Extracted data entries
************

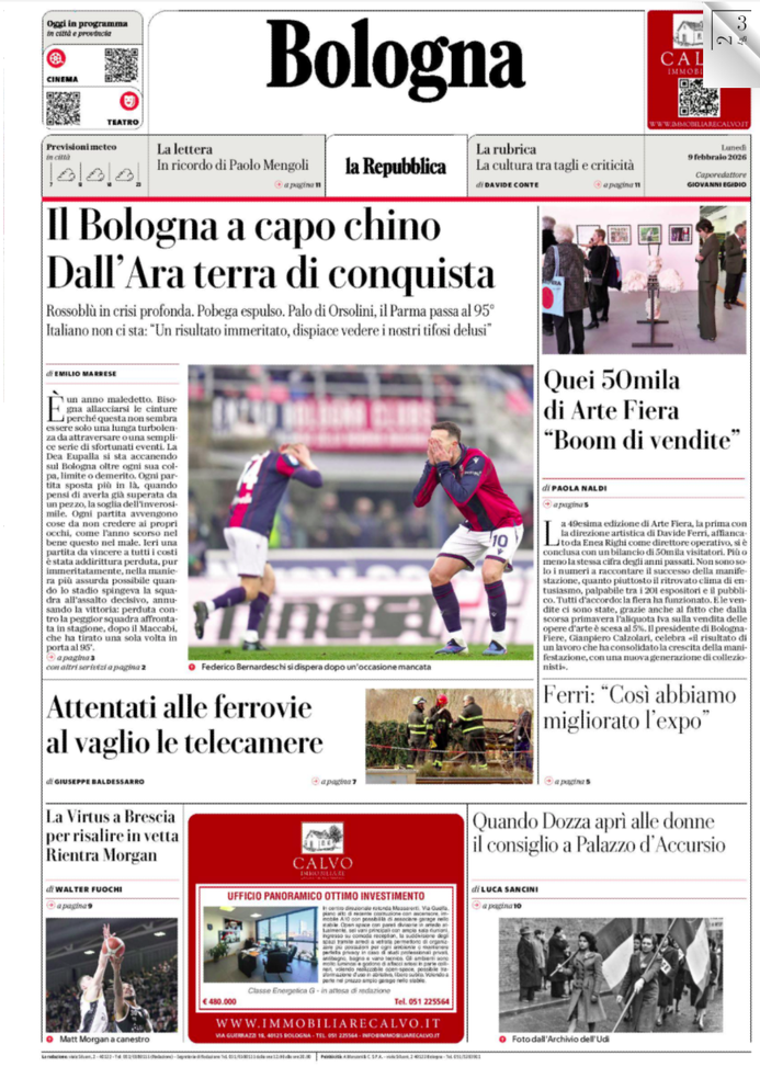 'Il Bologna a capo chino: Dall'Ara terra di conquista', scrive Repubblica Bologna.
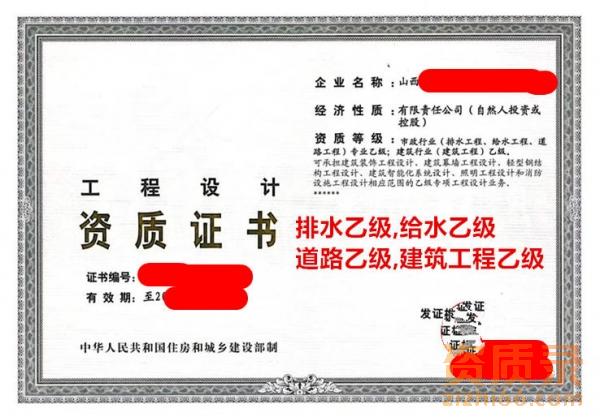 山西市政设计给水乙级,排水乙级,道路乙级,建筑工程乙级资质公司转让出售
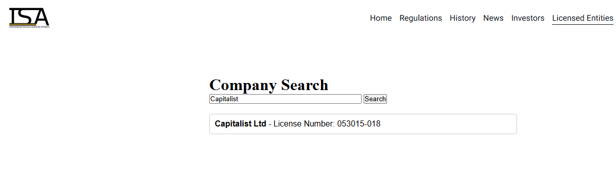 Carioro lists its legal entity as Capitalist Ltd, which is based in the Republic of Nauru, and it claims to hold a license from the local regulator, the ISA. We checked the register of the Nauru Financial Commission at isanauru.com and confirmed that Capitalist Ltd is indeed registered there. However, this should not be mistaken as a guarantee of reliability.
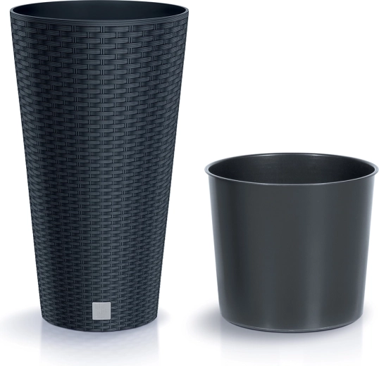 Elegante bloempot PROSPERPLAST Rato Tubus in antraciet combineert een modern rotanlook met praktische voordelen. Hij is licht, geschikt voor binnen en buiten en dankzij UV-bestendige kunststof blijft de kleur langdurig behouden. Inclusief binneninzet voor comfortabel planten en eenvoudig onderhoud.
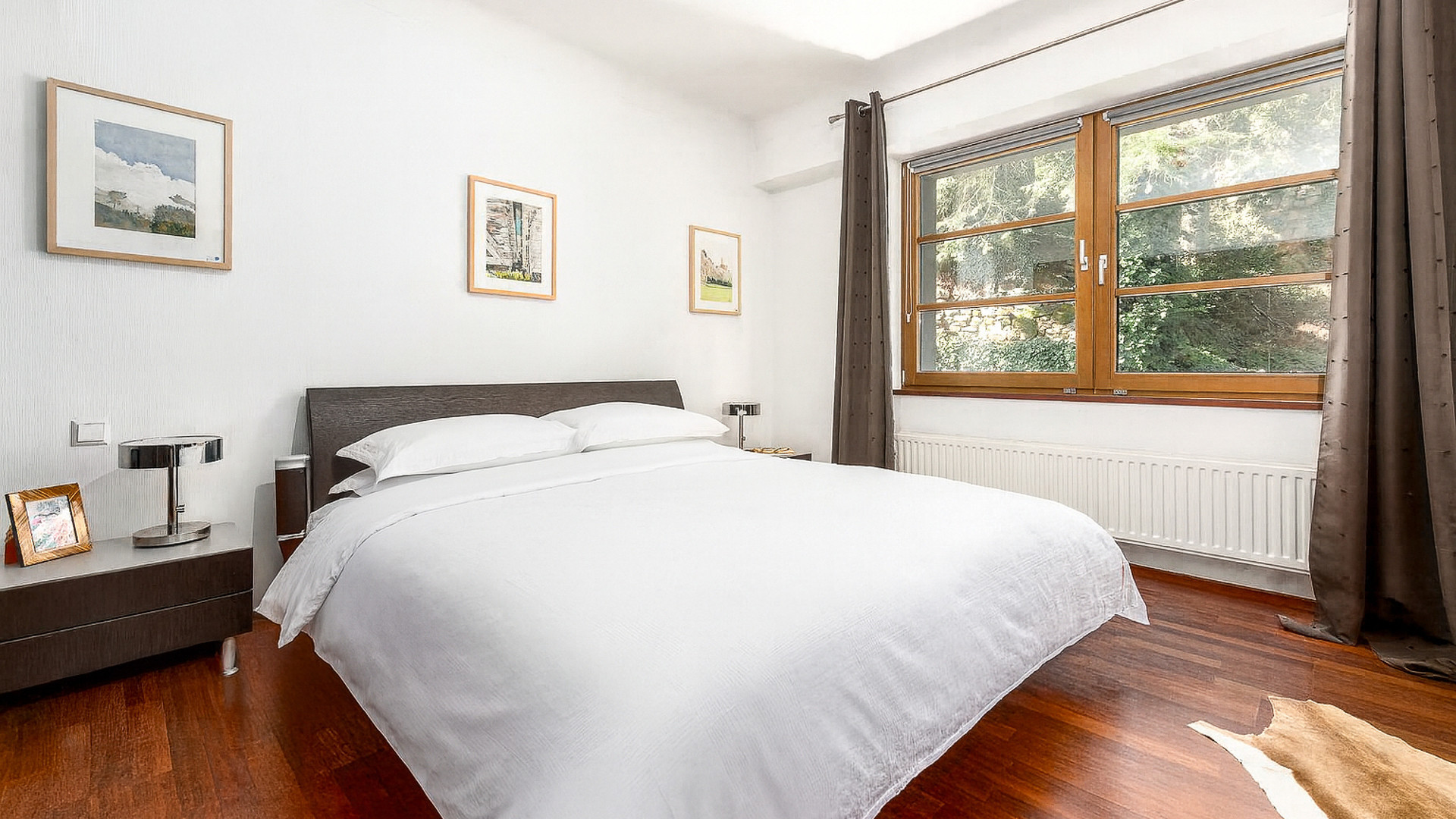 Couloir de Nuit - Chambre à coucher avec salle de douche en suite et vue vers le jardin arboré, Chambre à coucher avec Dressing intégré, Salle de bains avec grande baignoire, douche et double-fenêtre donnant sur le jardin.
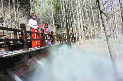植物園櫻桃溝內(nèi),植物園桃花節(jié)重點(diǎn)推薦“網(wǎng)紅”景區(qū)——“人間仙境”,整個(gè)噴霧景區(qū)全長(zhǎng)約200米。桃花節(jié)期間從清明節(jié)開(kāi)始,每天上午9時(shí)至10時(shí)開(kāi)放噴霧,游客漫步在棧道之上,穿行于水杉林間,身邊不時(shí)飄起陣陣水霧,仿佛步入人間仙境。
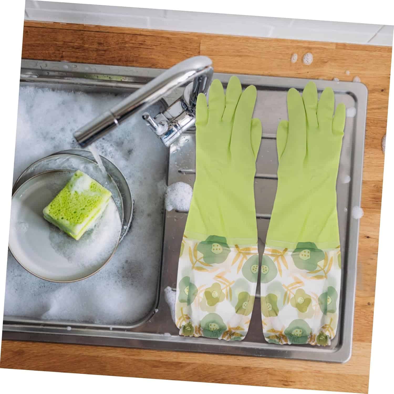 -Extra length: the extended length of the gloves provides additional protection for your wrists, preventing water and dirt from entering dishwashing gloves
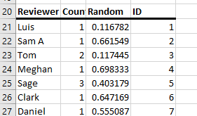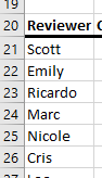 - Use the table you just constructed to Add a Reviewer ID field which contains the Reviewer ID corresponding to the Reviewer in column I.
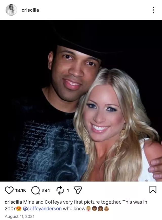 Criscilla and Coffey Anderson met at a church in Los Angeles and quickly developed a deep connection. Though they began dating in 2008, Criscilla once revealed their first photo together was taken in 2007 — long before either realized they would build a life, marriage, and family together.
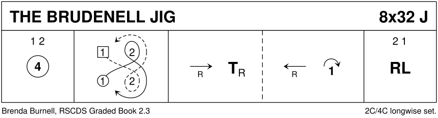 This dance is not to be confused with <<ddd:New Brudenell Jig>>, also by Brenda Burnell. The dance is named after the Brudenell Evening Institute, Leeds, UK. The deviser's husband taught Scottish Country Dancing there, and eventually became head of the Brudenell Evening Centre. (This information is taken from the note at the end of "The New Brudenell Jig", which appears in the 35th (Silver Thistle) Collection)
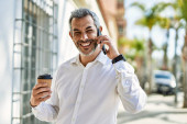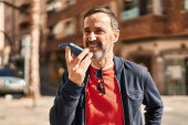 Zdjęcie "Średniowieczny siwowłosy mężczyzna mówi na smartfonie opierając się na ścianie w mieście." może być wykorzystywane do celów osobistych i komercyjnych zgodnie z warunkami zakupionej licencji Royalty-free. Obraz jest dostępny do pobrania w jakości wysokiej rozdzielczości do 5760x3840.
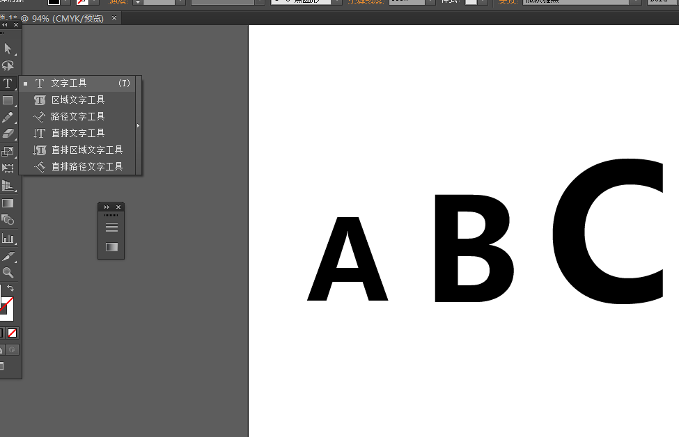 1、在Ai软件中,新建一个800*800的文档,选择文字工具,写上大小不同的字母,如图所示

************

### Work item
In your copy, omit the pictures and restate every line of the data word for word.

### Result below
 'Il Bologna a capo chino: Dall'Ara terra di conquista', scrive Repubblica Bologna.
 山西市政设计给水乙级,排水乙级,道路乙级,建筑工程乙级资质公司转让出售
 Carioro lists its legal entity as Capitalist Ltd, which is based in the Republic of Nauru, and it claims to hold a license from the local regulator, the ISA. We checked the register of the Nauru Financial Commission at isanauru.com and confirmed that Capitalist Ltd is indeed registered there. However, this should not be mistaken as a guarantee of reliability.
 Elegante bloempot PROSPERPLAST Rato Tubus in antraciet combineert een modern rotanlook met praktische voordelen. Hij is licht, geschikt voor binnen en buiten en dankzij UV-bestendige kunststof blijft de kleur langdurig behouden. Inclusief binneninzet voor comfortabel planten en eenvoudig onderhoud.
 Couloir de Nuit - Chambre à coucher avec salle de douche en suite et vue vers le jardin arboré, Chambre à coucher avec Dressing intégré, Salle de bains avec grande baignoire, douche et double-fenêtre donnant sur le jardin.
植物園櫻桃溝內(nèi),植物園桃花節(jié)重點(diǎn)推薦“網(wǎng)紅”景區(qū)——“人間仙境”,整個(gè)噴霧景區(qū)全長(zhǎng)約200米。桃花節(jié)期間從清明節(jié)開(kāi)始,每天上午9時(shí)至10時(shí)開(kāi)放噴霧,游客漫步在棧道之上,穿行于水杉林間,身邊不時(shí)飄起陣陣水霧,仿佛步入人間仙境。
 -Extra length: the extended length of the gloves provides additional protection for your wrists, preventing water and dirt from entering dishwashing gloves
 - Use the table you just constructed to Add a Reviewer ID field which contains the Reviewer ID corresponding to the Reviewer in column I.
 Criscilla and Coffey Anderson met at a church in Los Angeles and quickly developed a deep connection. Though they began dating in 2008, Criscilla once revealed their first photo together was taken in 2007 — long before either realized they would build a life, marriage, and family together.
 This dance is not to be confused with <<ddd:New Brudenell Jig>>, also by Brenda Burnell. The dance is named after the Brudenell Evening Institute, Leeds, UK. The deviser's husband taught Scottish Country Dancing there, and eventually became head of the Brudenell Evening Centre. (This information is taken from the note at the end of "The New Brudenell Jig", which appears in the 35th (Silver Thistle) Collection)
 Zdjęcie "Średniowieczny siwowłosy mężczyzna mówi na smartfonie opierając się na ścianie w mieście." może być wykorzystywane do celów osobistych i komercyjnych zgodnie z warunkami zakupionej licencji Royalty-free. Obraz jest dostępny do pobrania w jakości wysokiej rozdzielczości do 5760x3840.
 1、在Ai软件中,新建一个800*800的文档,选择文字工具,写上大小不同的字母,如图所示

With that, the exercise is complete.